Object detection is the task of detecting instances of objects of a certain class within an image. Microsoft's Common Objects in Context (COCO) is a dataset from 2014 that is used to benchmark object recognition. The data places the question of object recognition in the context of the broader question of scene understanding. It contains images of complex everyday scenes containing common objects in their natural context. COCO includes a total of 2.5 million labeled instances in 328k images.
As of writing this question, the state-of-the-art model for is Cascade Eff-B7 NAS-FPN (Ghiasi et al., 2020), which achieves a box average precision (box AP) of 57.3.
An excellent reference for tracking state-of-the-art models is PapersWithCode, which tracks performance data of ML models.

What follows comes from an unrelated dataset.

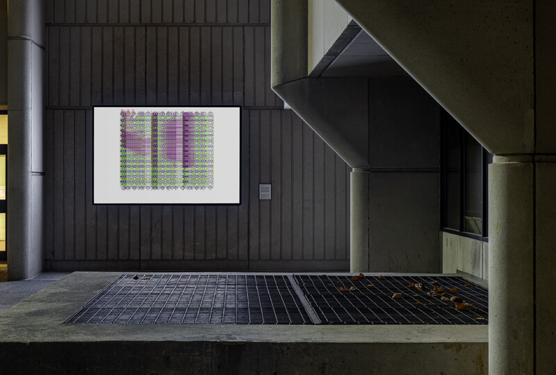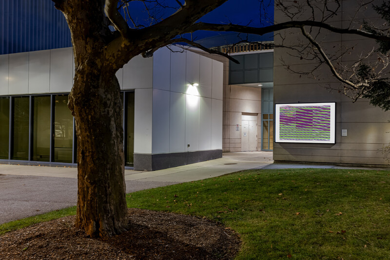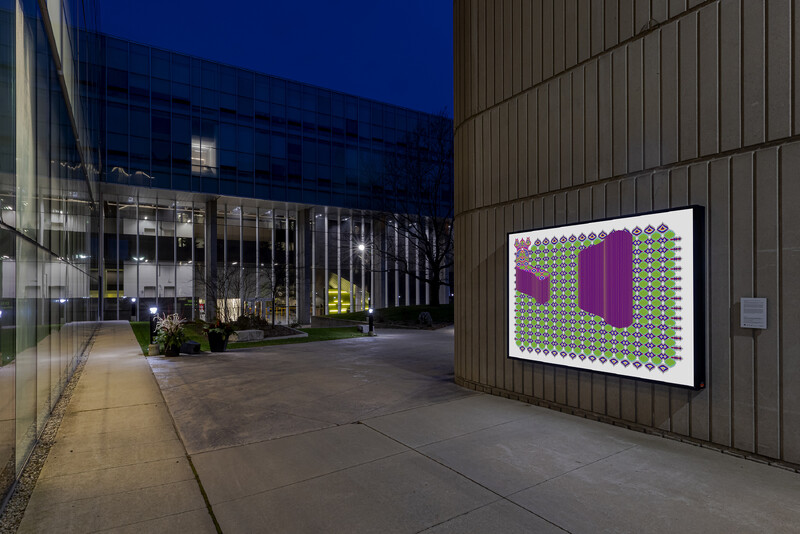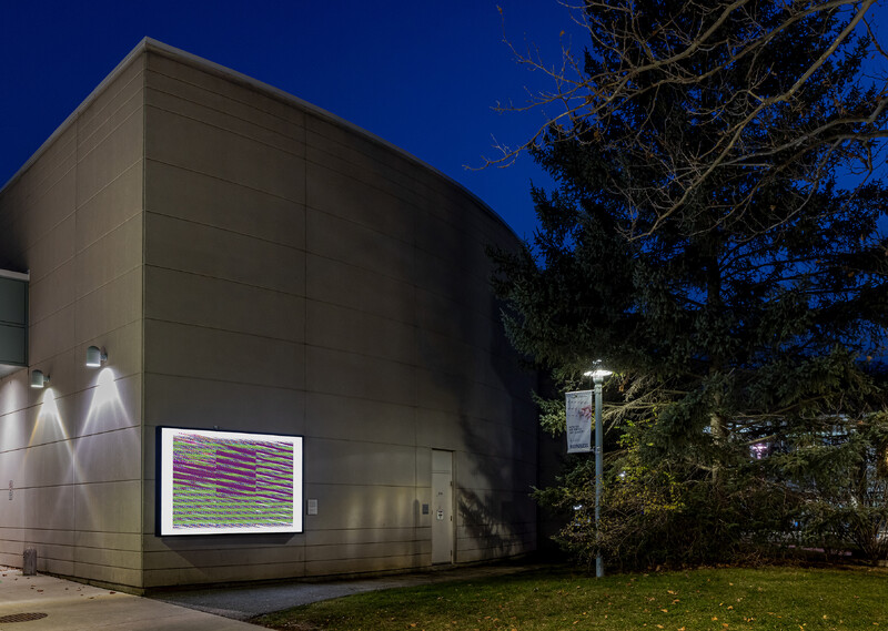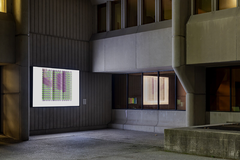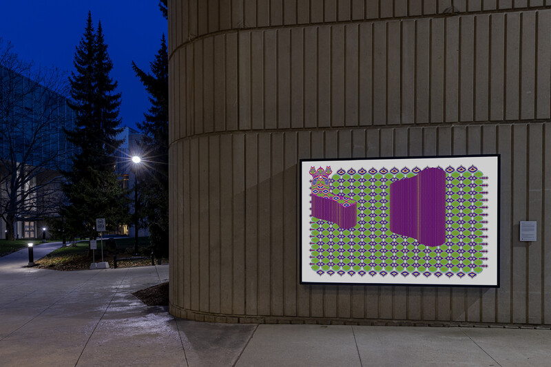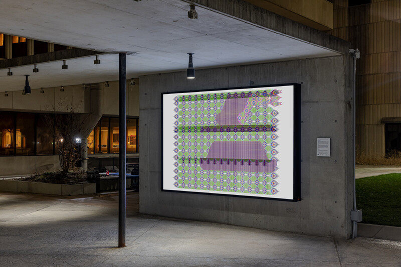 While Zazai’s work often engages with and mimics methodologies for creating Afghan carpets in digital form, he approached Is, but will be as an opportunity to respond to the parameters of Burning Glass, Reading Stone. Zazai used the numbers 4, 6, and 9 in this series (referencing four 6x9ft lightboxes at the University of Toronto Mississauga), in addition to an existing palette of numerical sequences referencing textiles used in carpet manufacture. Producing a series of four related images, Zazai plays with the repetition of color and symbol, and experiments with glitch imagery, attending to the lightbox’s status somewhere between a print and a computer screen.

What will the state-of-the-art object detection performance on COCO be, on 2023-02-14 in box average precision (box AP) amongst all models?

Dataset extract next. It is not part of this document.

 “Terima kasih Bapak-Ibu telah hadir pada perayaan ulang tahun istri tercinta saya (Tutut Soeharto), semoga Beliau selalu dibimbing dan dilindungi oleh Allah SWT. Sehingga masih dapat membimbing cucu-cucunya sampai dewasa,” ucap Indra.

This question resolves as the highest level of performance in box AP achieved on COCO test-dev (COCO's test set) up until 2023-02-14 11:59 GMT. Models trained on additional dataset do qualify. Moreover,, models using Test Time Augmentations may also qualify.
Performance figures may be taken from e-prints, conference papers, peer-reviewed articles, and blog articles by reputable AI labs (including the associated code repositories). Published performance figures must be available before 2023-02-14, 11:59PM GMT to qualify.
In case the relevant performance figure is given as a confidence interval, the median value will be used to resolve the question.